BEGIN PROVIDED DATA

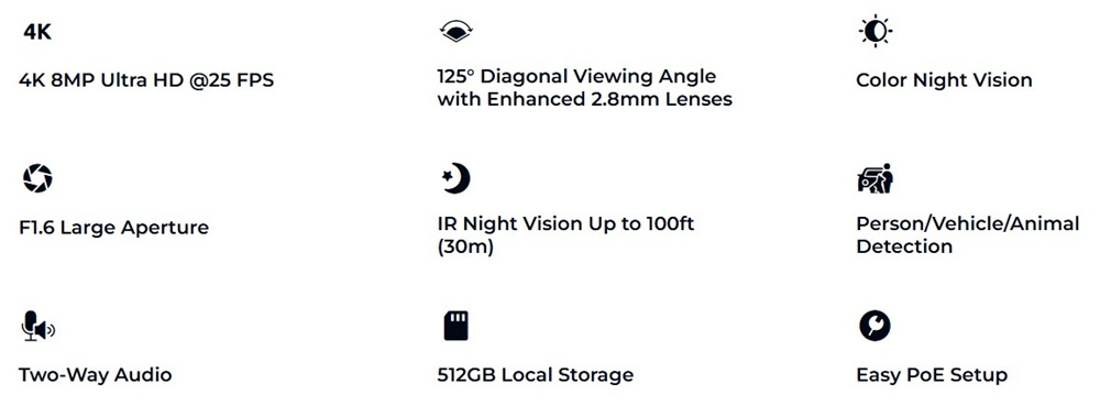 4K UHD resolution | Wide 125° diagonal viewing angle | Smart event detection | Perimeter protection
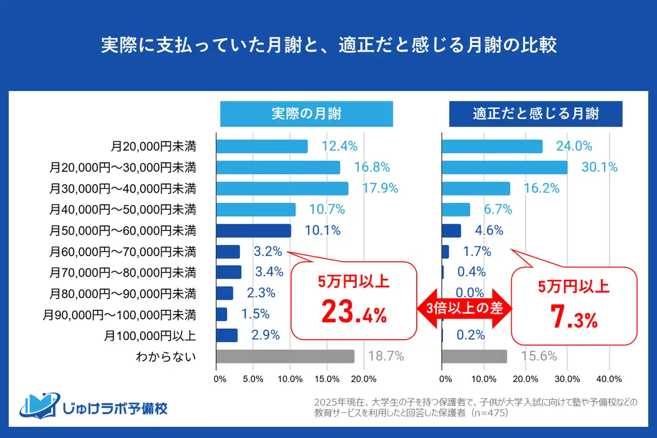 大学受験における教育費の高額化は、一部の家庭にとって特に深刻な問題です。今回の調査で、月5万円以上の月謝を「安い、または適正だ」と考える保護者は、全体のわずか7.3%しかいませんでした。 |
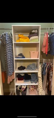 [This review was collected as part of a promotion.] Okay, I’ll start by saying this was NOT easy to put together. Unfortunately, the instructions I received did not match the included hardware/parts. Even worse, the hardware was just sort of thrown together and not labeled. So, I just tried my hardest to use the parts that best matched. The wood was not great quality and split VERY easily. Luckily, some sandpaper I had laying around helped repair the split holes just enough so that I could finish the assembly. I do like how much control you have over the adjustment of the shelves. They are also obviously very sturdy and would be able to hold any typical shelf item in my home. As a single woman living in a small house, however, it was disappointing that this is definitely not intended to be versatile/moved easily. You need to be ABSOLUTELY sure you like the location before you drill with the closet rods. I intend to use this as an extension of closet in my guest bedroom, however you could fit it in other smaller spaces if you have a saw, etc. Overall, I’m not sure the usefulness of this product made the difficult assembly worth it.

END PROVIDED DATA

◆ EXERCISE DIRECTIONS ◆
Only the pictures stay out; everything else in the listing above must be repeated exactly.

◆ WRITTEN SOLUTION ◆
 4K UHD resolution | Wide 125° diagonal viewing angle | Smart event detection | Perimeter protection
 大学受験における教育費の高額化は、一部の家庭にとって特に深刻な問題です。今回の調査で、月5万円以上の月謝を「安い、または適正だ」と考える保護者は、全体のわずか7.3%しかいませんでした。 |
 [This review was collected as part of a promotion.] Okay, I’ll start by saying this was NOT easy to put together. Unfortunately, the instructions I received did not match the included hardware/parts. Even worse, the hardware was just sort of thrown together and not labeled. So, I just tried my hardest to use the parts that best matched. The wood was not great quality and split VERY easily. Luckily, some sandpaper I had laying around helped repair the split holes just enough so that I could finish the assembly. I do like how much control you have over the adjustment of the shelves. They are also obviously very sturdy and would be able to hold any typical shelf item in my home. As a single woman living in a small house, however, it was disappointing that this is definitely not intended to be versatile/moved easily. You need to be ABSOLUTELY sure you like the location before you drill with the closet rods. I intend to use this as an extension of closet in my guest bedroom, however you could fit it in other smaller spaces if you have a saw, etc. Overall, I’m not sure the usefulness of this product made the difficult assembly worth it.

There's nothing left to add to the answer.